Writing beyond a self-imposed vacuum.
Okay, back to why I began this post. Writing for me is solitary, meant to be the space for me to focus my thoughts so that I can make sense of experiences and ideas. However, writing at the airport feels like I have lots of other people included in the process. They are strangers that I won’t meet or talk to, and yet I feel like I know them because I feel their energy. My highly sensitive empathic soul can feel them all, and their feelings are loud, like sound waves reverberating through my mind and heart simultaneously. My feeling this way is why I choose to, need to write in solitude. How much of what I’m feeling right now is solely my feelings alone? It’s difficult for me to weed out the emotions of others quickly, and that’s what I need when I have a thought or topic that must get out of my brain.
My inner dialogue is fast-paced and visual. I need to get the words out of me immediately so that I can move on to the next story or thought. It's somewhat hard to work through my internal dialogue, along with the emotional input of others around me. But the sense of life and living in the airport is powerful and compelling, energetic even.

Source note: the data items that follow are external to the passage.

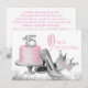 Invitaciones de Quinceañera rosadas y plateadas con un precioso pastel rosa con números de diamantes, zapatos de tacón alto con purpurina plateada y una elegante tiara de princesa con diamantes sobre un fondo rosa y plateado. Puede personalizar fácilmente estas hermosas invitaciones de Quinceañera rosadas y plateadas para su evento simplemente agregando sus datos en el estilo de letra y redacción de su elección. Este es un diseño impreso sin purpurina real, diamantes, lazos, etc. También puede agregar el color de fondo que desee.
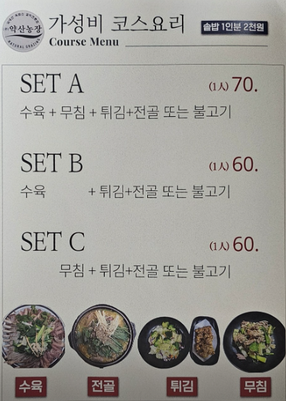 수육부터 무침, 튀김, 전골이나 불고기까지 맛 볼 수 잇는 가성비코스부터 별미류까지 메뉴 구성이 다양해서 선택의 폭도 넓어서 좋을 것 같습니다.
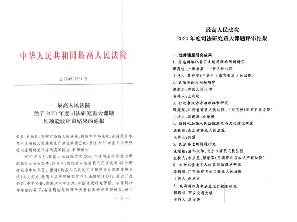 2020年5月,最高人民法院发布了2020年度司法研究重大课题题目及招标公告,经评审,确定U8.COM(中国)有限公司单文华教授课题组等33个课题组为中标单位。这也是我校获批的第一个最高人民法院重大课题。
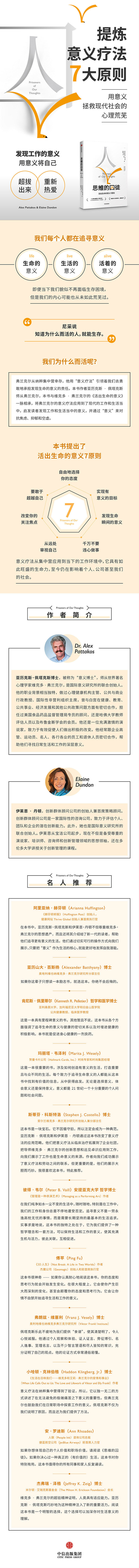 本书作者亚历克斯·佩塔克斯师从世界著名心理学家维克多·弗兰克尔,本书与维克多·弗兰克尔的《活出生命的意义》一脉相承,将弗兰克尔的意义疗法应用到了现代的工作和生活当中,启发读者发现工作和生活当中的意义,并通过“意义”来对抗焦虑、抑郁和空虚。

Absorbing the weight of others usually feels invasive, but instead, right now, the energy around me is propelling me. To my surprise, my keystrokes are quick and steady; I don't feel weighed down. Maybe it's because of the focus music I'm listening to, perhaps it's due in part to the Voke tablet I took this morning, or maybe it's because I chose to open myself to a new experience. And it doesn't hurt that the overall mood around me is mostly pleasant. Folks are happy, how could you not be happy in Florida, it's paradise. Well, I might be a little unhappy about leaving paradise, but I'm headed to see the hubs, yay me! If there's angst in the air, I don't feel it, and that's a good thing.
Likely, I wouldn’t be able to do any in-depth thought-based writing if I tried, but this short check-in post feels right to me. Maybe if nothing else, you’ll find it entertaining. Please do tell me what you think. Send me a note. I like notes.
The moral, do something different. Challenge your “normal” way of doing things, step out of your comfort zone, and see where it leads you. You may find a new avenue to pursue, or the excursion may provide a scenic detour unworthy of mention, but at least you’ll have a unique experience.
Thankfully, I don't have to worry about doing much airport writing for a while, but at least now I know that I'm capable of writing in a public place, and it ain't half bad. Maybe I'll add a day of writing at a coffee shop to my routine. We'll see.